Posted by jay at 8:10 pm on 14 November, 2008.
@Jay -
Thanks for the feedback
1) You can edit tasks, just double click and edit away
2) If a task isn’t scheduled, it won’t get done. A core principle of the 5 Things a Day technique, is that you have to say WHEN you’ll do something. By forcing you to pick a time,it makes sure it doesn’t become a wishlist
3) Integration with other apps was out of scope for the first release.
Thanks again,
Des
Posted by Des Traynor at 1:19 pm on 16 November, 2008.
So far I’m really enjoying TaskFive. One suggestion — have weeks rolling… ie it’s Sunday today and there’s no way for me to drag tasks to next week. Perhaps have yesterday start each week, so uncompleted tasks from the day before can be brought over, or better yet, let users scroll as they like (instead of in one-week blocks).
Posted by Craig at 2:37 pm on 16 November, 2008.
Ah, I didn’t know you could double-click to edit. All those little desktop things we don’t expect in web-apps.
Posted by Paul M. Watson at 6:02 pm on 16 November, 2008.
Des - i think you missed my point above. i understand the philosophy of scheduling tasks. that’s the BEST part of your app. however, tht means that w have to keep a separate to-do list of potential things to schedule somewhere else - on paper, in another app, and so on. that’s why i was suggestig you add a parking lot space. that fits w/your philosophy and GTD and other time management philosophies of getting everything out of your head. then you can use taskfive to select those five things for the day.
people always have a list - it’s in their head or elsewhere - that they arereferring to before they can enter them into the taskfive app.
if you move one step higher in the process you will have a much more valuable service than you do now!

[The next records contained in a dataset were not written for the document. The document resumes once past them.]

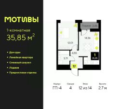 Продается однокомнатная квартира с предчистовой отделкой в ЖК "Мотивы" на 12 этаже. Общая площадь: 35.85 кв.м., жилая: 12.01 кв.м., площадь просторной кухни-столовой: 14.36 кв.м. Все окна выходят на одну сторону. В квартире одна лоджия, один совмещенный санузел. Высота потолков 2.7 м.
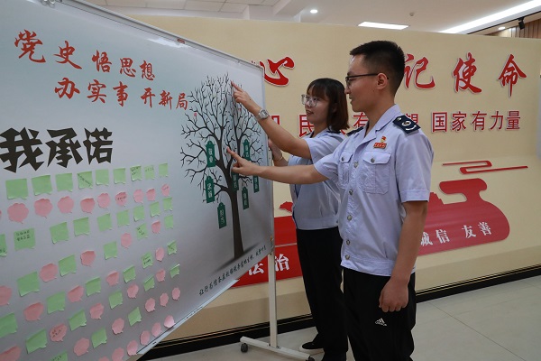 伊金霍洛旗税务局开展“学习百年党史 永葆入党初心”主题党日活动,营造出爱党爱国爱税的浓厚氛围。全体党员参观康巴什政治生活馆党建展厅,从百年党史中汲取奋斗力量,重温入党誓词,坚定理想信念,观看“百年征程永葆初心”主题电影党课,树牢宗旨意识。与通格朗社区联合开展“红色123”特色党课,进行专场文艺演出,组织青年税干参加“永远跟党走”伊金霍洛旗庆祝中国共产党成立100周年群众性大合唱比赛,演唱《唱支山歌给党听》,用心用情歌颂伟大的党,永远听党话、感党恩、跟党走。
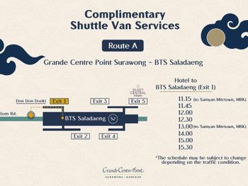 Grande Centre Point Surawong Bangkok — это отель в городе Бангкок, в 3,5 км от такой достопримечательности, как Торговый центр MBK. Среди удобств — открытый бассейн, фитнес-центр, терраса и бесплатная частная парковка. One Bangkok — примерно в 3,6 км, а Дом-музей Джима Томпсона и Торговый центр Gaysorn Village — в 3,9 км и 4,2 км соответственно. Гости могут обратиться к сотрудникам круглосуточной стойки регистрации, воспользоваться трансфером от/до аэропорта или доставкой еды и напитков, а также подключиться к бесплатному Wi-Fi.

Posted by jay at 11:30 pm on 16 November, 2008.
@jay
I understand where you are coming from with the ‘somedaymaybe’ style list seen in GTD style applications. When I first started working the 5 a day system with Darrell (with pen and paper) I raised the same issue. He countered that if it wasn’t important enough to schedule – it probably wasn’t important enough. I have tried the somedaymaybe lists before and personally it just cluttered up with stuff that wasn’t that important anyway. It did give a sense of ease however. I get this same sense of ease by right clicking and scheduling a task to ‘next month’. It’ll pop up in a month and if it looks like a good idea I’ll schedule it or dump it.

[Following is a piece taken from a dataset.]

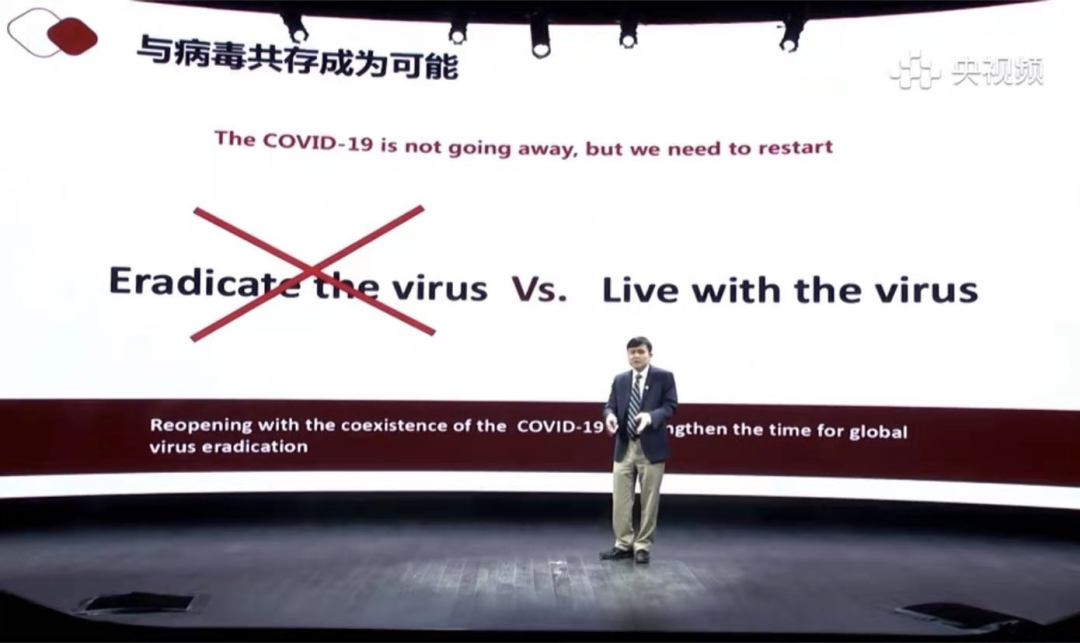 “今年,滅絕病毒不可能,我們唯一的選項是與病毒共存……只不過有些國家病毒要高一點,有些國家病毒要低一點(如中國)。我們如何去跟病毒共存,採取如何的策略,全球的策略做法不一樣。(比如中國要幫助其他國家、防止疫情反撲等等)”

Posted by James Kennedy at 12:05 pm on 17 November, 2008.
@john - the support email is now alive and kicking. Thanks for the heads up on it.
James
Posted by James Kennedy at 2:34 pm on 17 November, 2008.
des - you’re still not understanding my point. i’m not coming from any other “system” this isn’t a someday or a maybe thing.

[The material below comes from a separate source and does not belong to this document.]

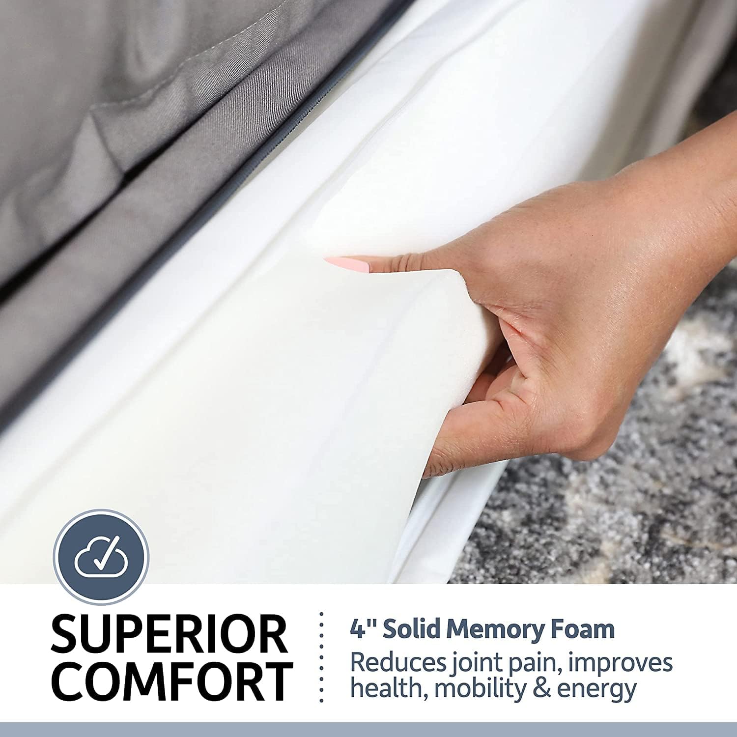 - PREMIUM COMPONENTS: (i) SOLID 4 inch MEMORY FOAM base for superior overall comfort, reduced joint pain and improved health, mobility, & energy. (ii) Recycled 'green' polyfill support bolsters are generously filled. (iii) Durable & comfortable polyester (65%) & cotton (35%) twill

the point is simple - in order to prioritize 5 things a day yo hve to have a list. i would call this the parking lot of something where you can just take al thoughts out of your head and put them there. then you prioritize those later. people don’t create a new top 5 list out of thin air every day, do they?
hoppe that makes sense…interview some of your users and ask them.
Posted by jay at 5:36 am on 18 November, 2008.
Looks and works great. I love the simplicity of it.
Posted by Jennifer Farley at 5:35 pm on 3 December, 2008.
Wow, great comments
Posted by mister at 8:44 am on 5 December, 2008.
Hi!
My name is Jessika!
Posted by Beaulseskakly at 11:51 am on 12 December, 2008.
Loving the simplicity of the app lads. It is nearly just what I was looking for, unfortunately I have between 8-15 tasks to complete a day. When is taskfifteen.com coming out? Also it would be great to be able to delete from the right click menu for other team members when jobs are cancelled.
Posted by Teo Rudabah at 2:23 pm on 13 January, 2009.